US New & World Report. “According to the National Association of Realtors, only 15 to 20 percent of the homes that were foreclosed on during the downturn were making their way to the market in 2008 and 2009. The remaining 80 to 85 percent of the homes were bought back at foreclosure and are now owned by the banks. One might ask why the banks would want to own these properties. The answer is both telling and very scary.”
“Current bank regulations do not require the banks to ‘mark-to-market’ their real estate holdings. Bank management, therefore, would rather continue to book an inflated real estate value and pay the debt service and management costs to hold the property rather than sell the property and book the losses. This is why some markets have no inventory, why banks are still hesitant to lend money and why we are not free from the issues we created in the U.S. and globally by overextending our leverage.”
“We have seen a decline in this inventory of about 35 percent from the peak in 2010, however, the last quarter saw a fairly dramatic increase of 9 percent. So which way is the pendulum swinging next? In April of 2012, the finalization of the national mortgage settlement clarified acceptable foreclosure processing procedures giving the banks better ability to effectively foreclose and avoid a lengthy court process. We have seen a rise from $175 billion to $205 billion in the estimated value of the shadow inventory and I am guessing there is more to come.”
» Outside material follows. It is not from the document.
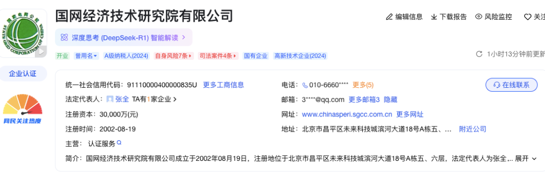 从企查查了解,2025年10月15日国网经济技术研究院有限公司法人代表更新为张全。
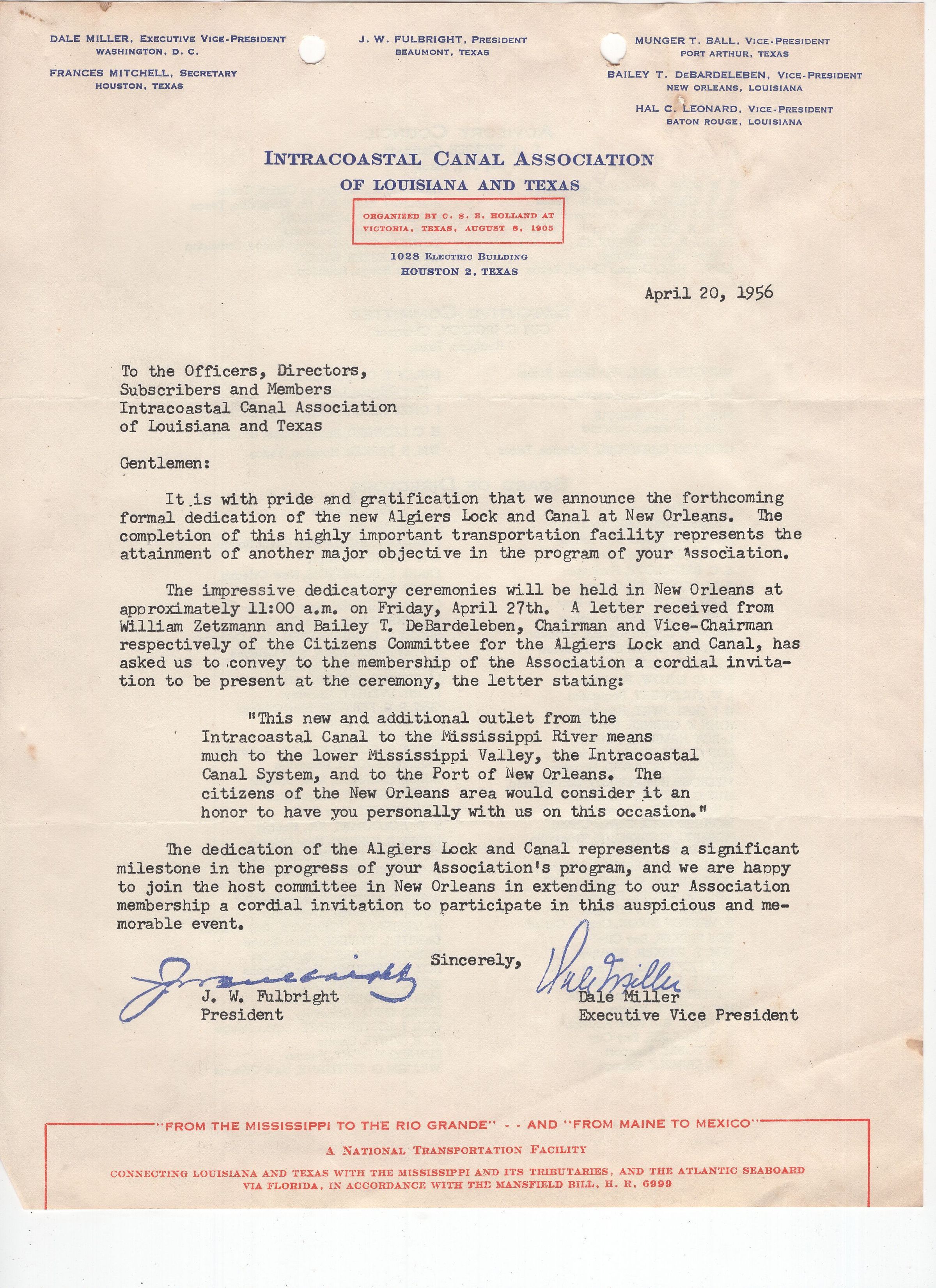 Intracoastal Canal Association Letter

The Lake Spokane Outpost. “HomePath®.com is the official website owned by Fannie Mae on which they post information about all their foreclosed homes for sale and any special financing terms. You can use any type of mortgage to purchase a Fannie foreclosure, but the special HomePath® financing can only be used to purchase Fannie Mae owned homes.”
“Why use the HomePath® loan instead of a regular Conventional, FHA, VA, or USDA? There are two very significant advantages to using this special program. First, the appraisal is waived which saves you about $500 and shaves at least 5 days off the escrow process. And with no appraisal there is no fear of the appraised value coming in less than the sales price and jeopardizing the entire transaction.”
“Second, there is no mortgage insurance required when putting less than 20% down. While many people chose to put as little down as possible this feature is particularly beneficial to first time home buyers who might not have saved up a large down payment. The monthly cost of mortgage insurance can easily be $150 or more (the actual amount depends upon loan amount and your FICO score). Not having to pay that equates to about $20,000 extra in house price you can afford.”
“In addition, the private mortgage insurance companies are very restrictive on their approval of applicants. Avoiding this hurdle opens up home ownership to many families who would not have met the requirements for mortgage insurance had they chosen a standard loan instead of using HomePath®. Even investors are allowed on this program – you can buy the home as a rental with 15% down and no mortgage insurance.”